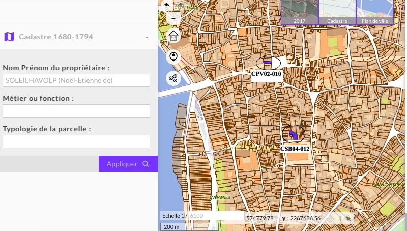 12. UrbanTist +. Recherche. Cadastre 1680-1794.
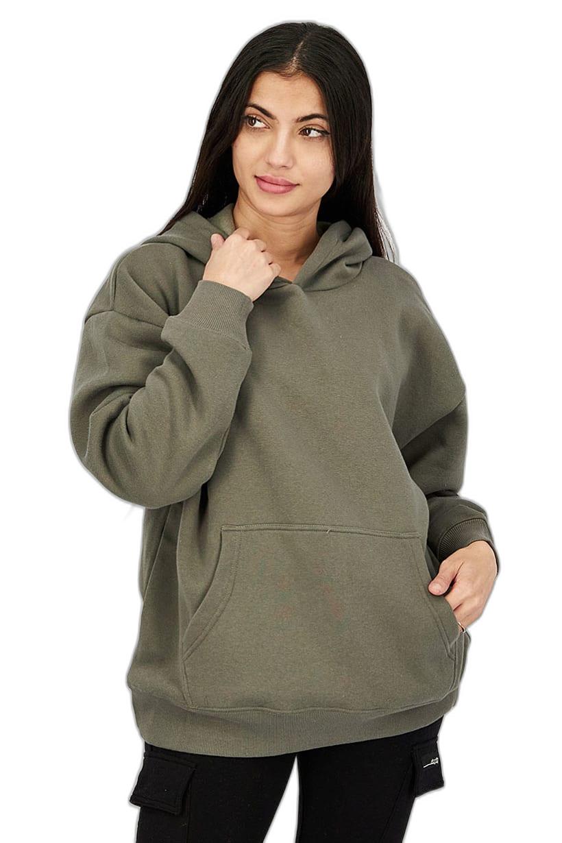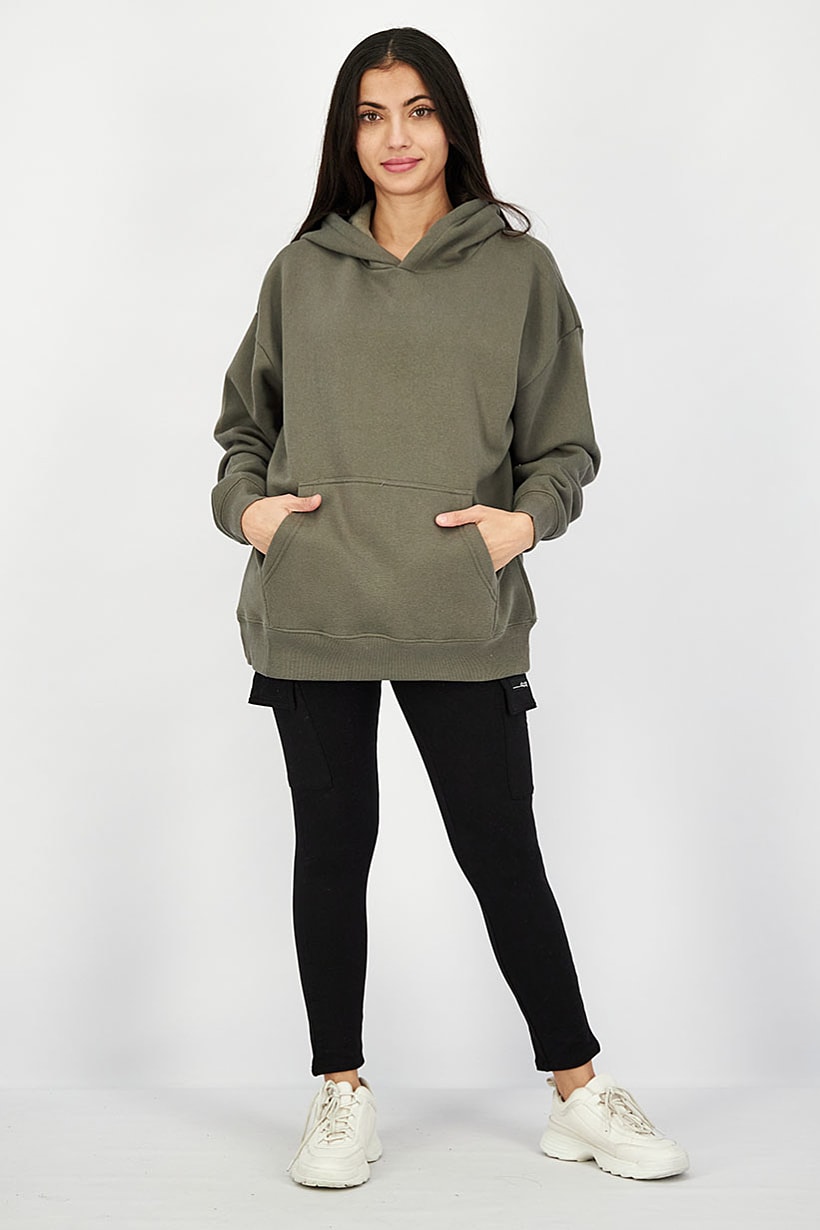 Women Clothing, Sportswear, women hooded front pocket plain sweatshirt dark olive
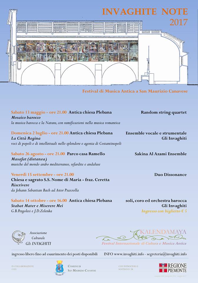 Domenica 2 luglio, secondo concerto della rassegna “Invaghite Note”, il festival di musica antica organizzato dall'associazione culturale “Gli Invaghiti” in collaborazione con l'Assessorato alla Cultura del Comune di San Maurizio Canavese, giunto ormai alla nona edizione. Alle ore 21, nell'Antica Chiesa Plebana, l'ensemble vocale e strumentale "Gli Invaghiti" proporrà "La Città Regina - Voci di popoli e di intellettuali nello splendore e agonia di Costantinopoli".
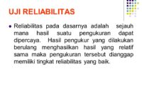 Pengujian reliabilitas digunakan untuk mengetahui konsistensi alat ukur apakah dapat diandalkan dan konsisten jika dilakukan pengukuran berulang dengan instrumen tersebut. [Baca selengkapnya]

::::::::

◆ What to do ◆
The answer must be the full listing, word for word, with no images in it.

◆ Written answer ◆
 12. UrbanTist +. Recherche. Cadastre 1680-1794.
 Women Clothing, Sportswear, women hooded front pocket plain sweatshirt dark olive
 Domenica 2 luglio, secondo concerto della rassegna “Invaghite Note”, il festival di musica antica organizzato dall'associazione culturale “Gli Invaghiti” in collaborazione con l'Assessorato alla Cultura del Comune di San Maurizio Canavese, giunto ormai alla nona edizione. Alle ore 21, nell'Antica Chiesa Plebana, l'ensemble vocale e strumentale "Gli Invaghiti" proporrà "La Città Regina - Voci di popoli e di intellettuali nello splendore e agonia di Costantinopoli".
 Pengujian reliabilitas digunakan untuk mengetahui konsistensi alat ukur apakah dapat diandalkan dan konsisten jika dilakukan pengukuran berulang dengan instrumen tersebut. [Baca selengkapnya]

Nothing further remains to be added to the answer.